Prep time: 20 minutes
Cooking time: 30 minutes
1 6-8 ounce chicken breast (or use leftover chicken)
¼ cup olive oil
1 cup onion, sliced
2 cups (about ½ pound) mushrooms, sliced (oyster, crimini, or button)
2-3 garlic cloves, sliced thin
1 cup cooked chickpeas
1 pound of fresh spinach
sea salt, to taste
½ a lemon
Preheat the oven to 350°F.
Place the chicken breast in an oven proof skillet, drizzle with 1-2 tablespoons of olive oil, and sprinkle with sea salt. Place in the oven and cook for 10-12 minutes, or until cooked through. Remove from the oven, set aside to rest.

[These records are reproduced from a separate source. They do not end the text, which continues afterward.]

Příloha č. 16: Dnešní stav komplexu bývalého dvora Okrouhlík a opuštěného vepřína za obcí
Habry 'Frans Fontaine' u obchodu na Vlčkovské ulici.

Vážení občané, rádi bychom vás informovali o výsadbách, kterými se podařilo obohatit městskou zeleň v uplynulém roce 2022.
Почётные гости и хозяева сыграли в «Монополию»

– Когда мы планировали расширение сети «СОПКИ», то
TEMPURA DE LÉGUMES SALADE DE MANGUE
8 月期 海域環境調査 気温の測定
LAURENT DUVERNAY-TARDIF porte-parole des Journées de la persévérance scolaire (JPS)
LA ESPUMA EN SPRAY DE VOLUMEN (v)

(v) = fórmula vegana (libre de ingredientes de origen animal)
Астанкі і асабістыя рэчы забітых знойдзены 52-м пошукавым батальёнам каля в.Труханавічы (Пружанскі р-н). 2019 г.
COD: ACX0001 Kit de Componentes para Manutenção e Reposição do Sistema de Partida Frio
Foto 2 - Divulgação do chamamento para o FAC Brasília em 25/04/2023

While the chicken cooks, heat a large skillet over medium-high heat, add a few tablespoons of olive oil, then once hot, add the onion and mushrooms. Cook, tossing often to avoid sticking for 2-3 minutes before adding the garlic. Cook until the garlic is fragrant then add the cooked chickpeas and toss to incorporate.
Place a handful of spinach into the pan then add a few tablespoons of water and cover. Allow the spinach to wilt, adding more as it shrinks down.
Split the vegetable mixture between two plates, then slice the chicken and divide. Squeeze some lemon over the top of the dish and serve.